I could see the flip-flop operator being really useful for parsing semi-structured text or digging a range of events out of a server log, and enough people like it that it’s still in Ruby. But to me it seems pretty dangerous since it has the same syntax as Range creation.
RuboCop, a code “linting” tool for Ruby, does have a check for the flip-flop operator. I always use RuboCop on professional Ruby projects. It probably should be on mb-sound too, but if I’d added RuboCop to mb-sound, then I never would have found this Ruby bug, and you wouldn’t be reading this!
Many of RuboCop’s default rules are… suboptimal in my opinion, but I will most likely get around to adding it to all of my open source projects eventually.
Apr. 9, 2025
They merged the fix on the next day. This is an excellent turnaround time, and really added to my love of the Ruby language.
I’m sure they’ll never read this, but I have to say I genuinely appreciate the dedication and skill that the Ruby team members bring to the Ruby project. My brief interaction with them on my bug report was very pleasant and productive.
And now I can say I have my name in the commit history!

July 2025
While the memory corruption bug warranted a fast response, there was no need to rush the fix for line numbers on flip-flop operators. In the worst case scenario I can imagine, code coverage metrics might be slightly lower, or an error message might list line zero for one of the backtrace entries.
The fix for the PRISM compiler was committed on July 17 and backported to Ruby 3.4 on July 21.
Conclusion
So now you’ve seen how one simple typo in my Ruby code led to memory corruption through a series of small errors.
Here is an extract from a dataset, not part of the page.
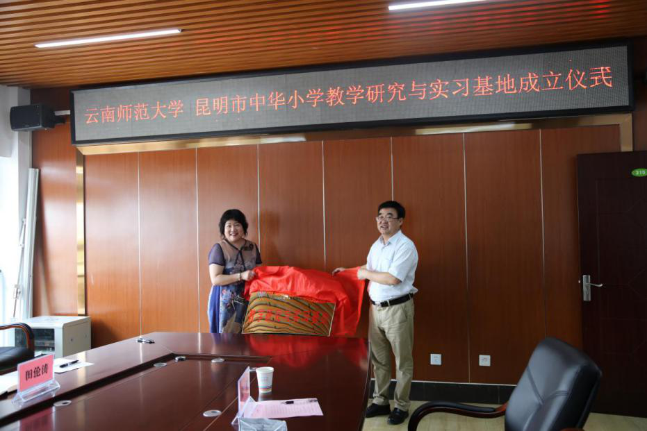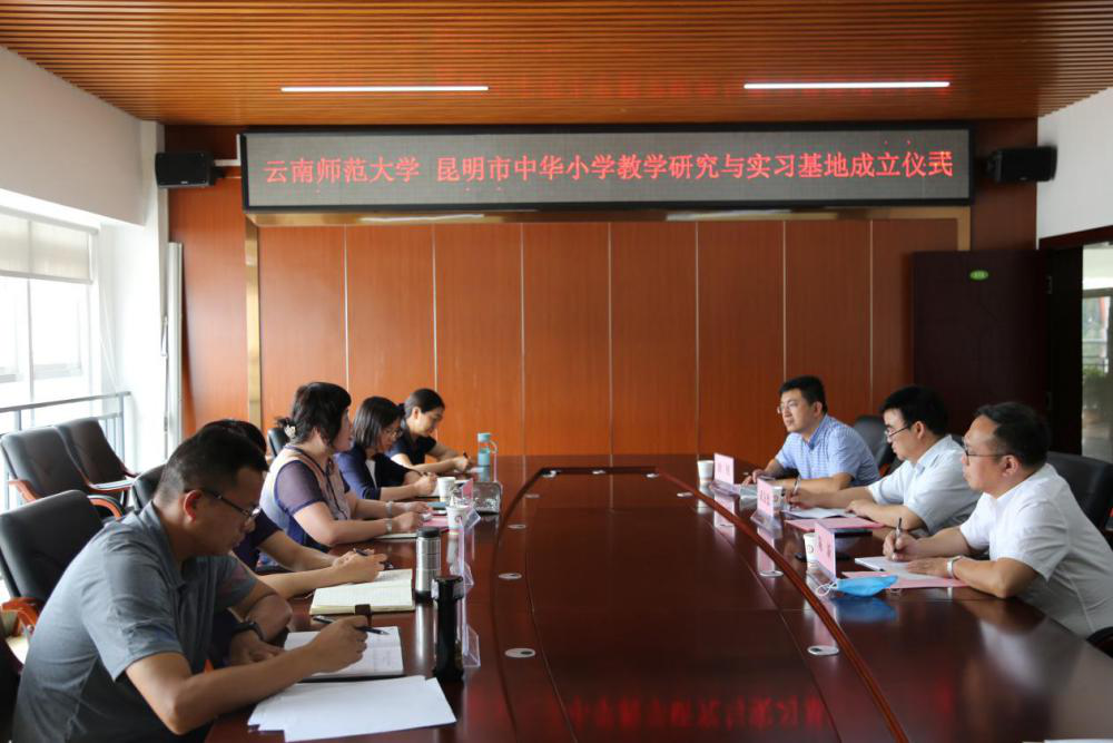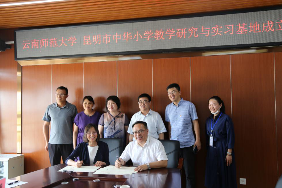 6月4日下午,必赢官网与昆明市中华小学在白龙潭校区爱众楼会议室签订教学研究与就业实习基地协议并举行揭牌仪式。副校长武友德及教务处相关负责人,昆明市中华小学校长朱跃利及学校领导班子、实习指导教师代表出席仪式。

The Ruby team handled the bug report exceptionally and all issues have been fixed and backported.
Some key takeaways:
- These bugs were only found because several small issues aligned, like in the
Swiss cheese model.
- Lack of error-path tests → missing parentheses → obscure flip-flop operator → compiler line number bug → memory corruption bug
- The open memory model used by C continues to bite us, but I still enjoy writing C, and tools like Valgrind go a long way toward mitigating the risks of pointer management.
- It’s really valuable to fix both the proximate cause and the root cause of an issue. You fix the proximate cause first just to get your project moving again, but if you don’t take the time to find and fix the root cause, it’s likely to surface again at the worst possible time.
- I should probably use RuboCop and/or other code quality tools on my open source projects like I do on my commercial projects. Rulesets can be customized to disable checks that get in the way more than they help. I could rant about how unhelpful linting rules affect software teams but maybe I’ll leave that for another post.
- When I run into a memory-related crash, I’ll probably start with Valgrind next time instead of using it last.
- It’s never the compiler’s fault. But sometimes, it is. So it’s worthwhile to have experience with the tools to debug your own code as well as your dependencies.
I hope this was an entertaining read! I’ve put almost as much time into writing this as I did into finding the Ruby bug in the first place.
Have a good one everyone, and keep having fun with Ruby!